Everything below from the line with "Valentine's Day concept." through the line with "Bărbatul, care nu" must be retyped exactly, except the pictures.

### The data
────

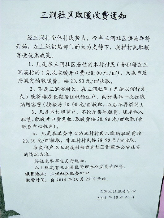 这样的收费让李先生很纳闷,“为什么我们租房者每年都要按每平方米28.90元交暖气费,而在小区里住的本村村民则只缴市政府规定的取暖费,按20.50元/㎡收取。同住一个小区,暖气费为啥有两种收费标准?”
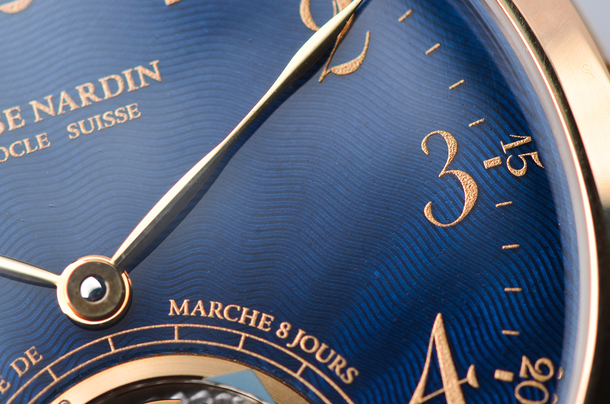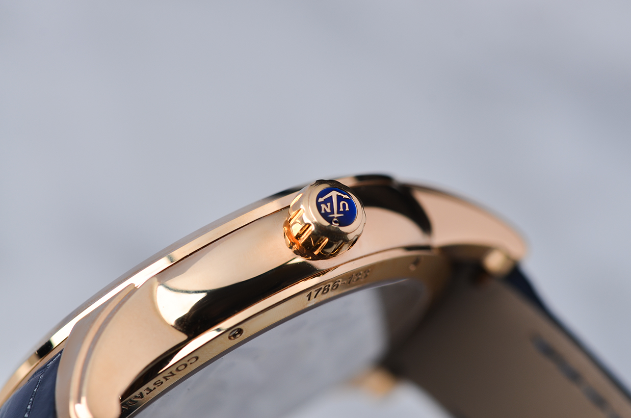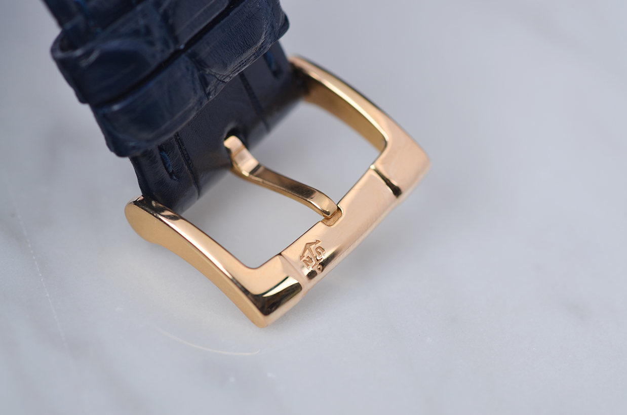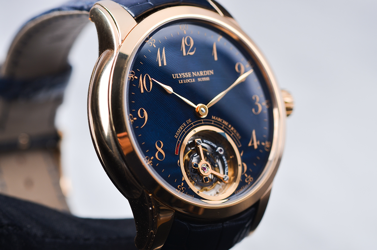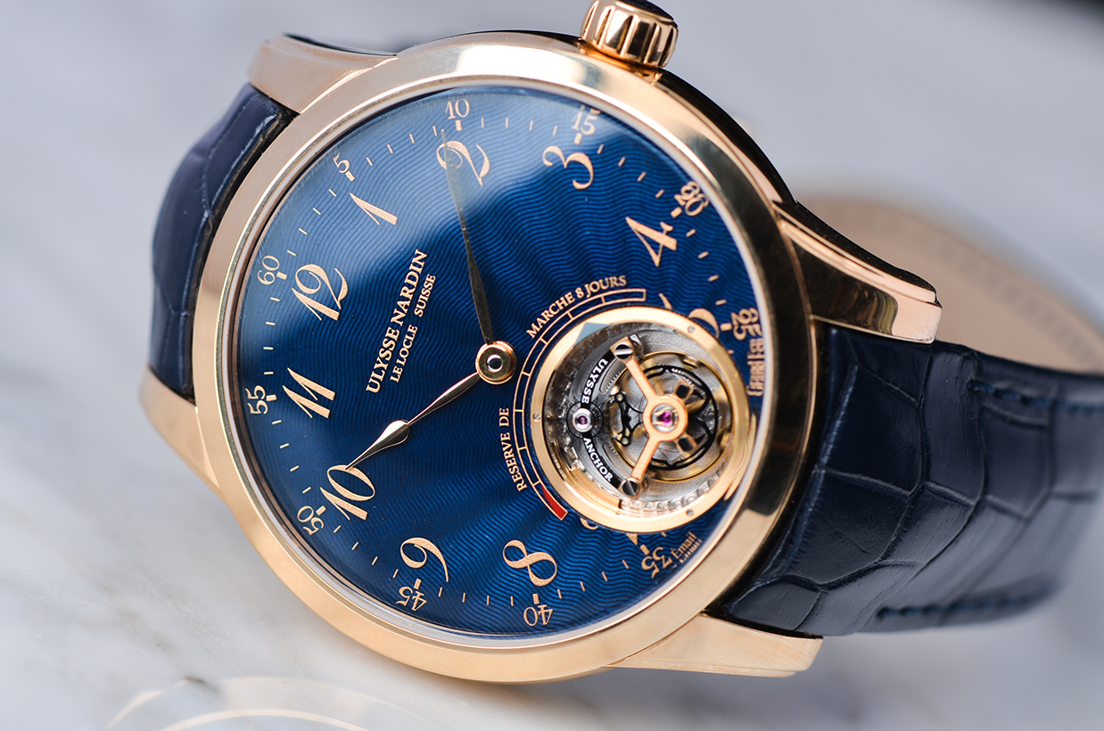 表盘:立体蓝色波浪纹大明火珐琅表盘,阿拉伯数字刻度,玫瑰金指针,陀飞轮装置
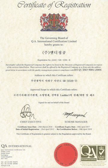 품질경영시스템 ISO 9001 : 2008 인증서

────

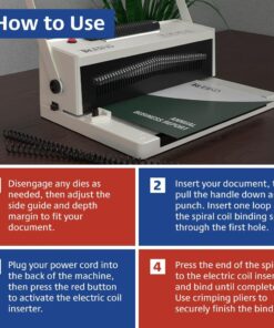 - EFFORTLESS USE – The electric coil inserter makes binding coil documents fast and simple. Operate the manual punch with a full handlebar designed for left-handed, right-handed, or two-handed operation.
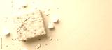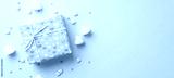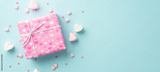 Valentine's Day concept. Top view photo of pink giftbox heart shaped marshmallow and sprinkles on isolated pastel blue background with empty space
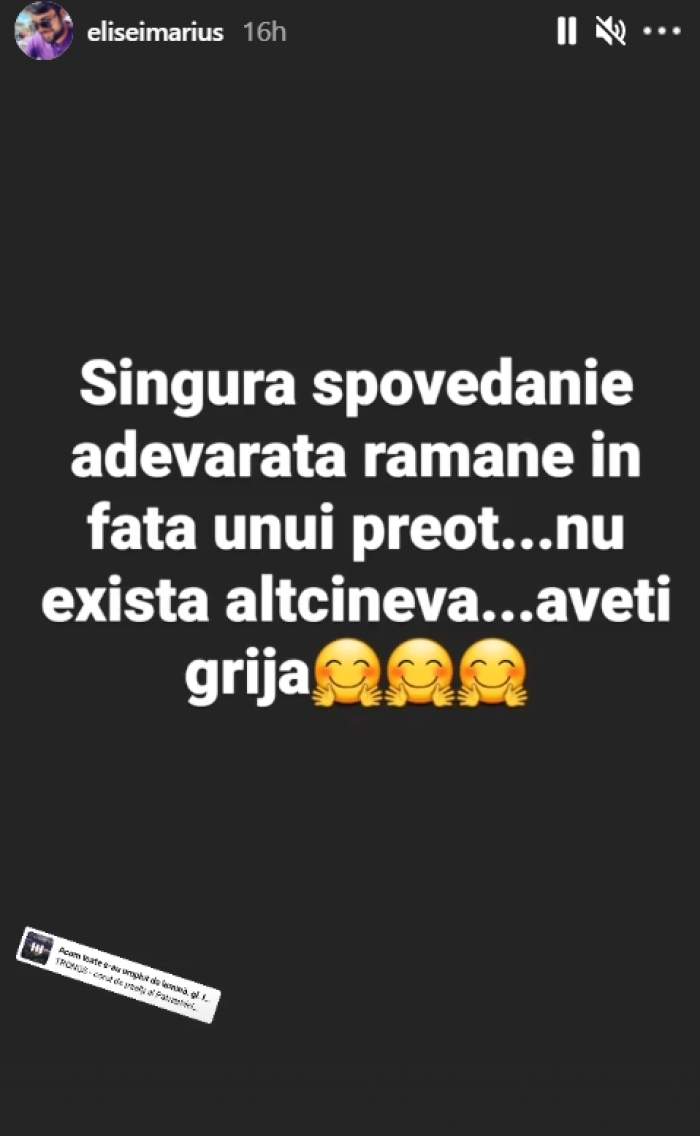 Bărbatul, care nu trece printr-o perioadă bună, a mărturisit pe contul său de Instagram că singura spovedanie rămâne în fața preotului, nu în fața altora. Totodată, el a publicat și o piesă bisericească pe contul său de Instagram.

────

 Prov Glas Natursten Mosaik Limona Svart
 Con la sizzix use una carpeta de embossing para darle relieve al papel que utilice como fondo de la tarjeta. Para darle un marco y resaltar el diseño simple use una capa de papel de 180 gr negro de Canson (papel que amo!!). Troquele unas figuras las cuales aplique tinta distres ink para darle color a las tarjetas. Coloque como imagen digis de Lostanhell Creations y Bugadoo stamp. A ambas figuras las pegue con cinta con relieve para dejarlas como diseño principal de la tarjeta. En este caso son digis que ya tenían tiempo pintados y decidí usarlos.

────

### Exercise output
 Valentine's Day concept. Top view photo of pink giftbox heart shaped marshmallow and sprinkles on isolated pastel blue background with empty space
 Bărbatul, care nu trece printr-o perioadă bună, a mărturisit pe contul său de Instagram că singura spovedanie rămâne în fața preotului, nu în fața altora. Totodată, el a publicat și o piesă bisericească pe contul său de Instagram.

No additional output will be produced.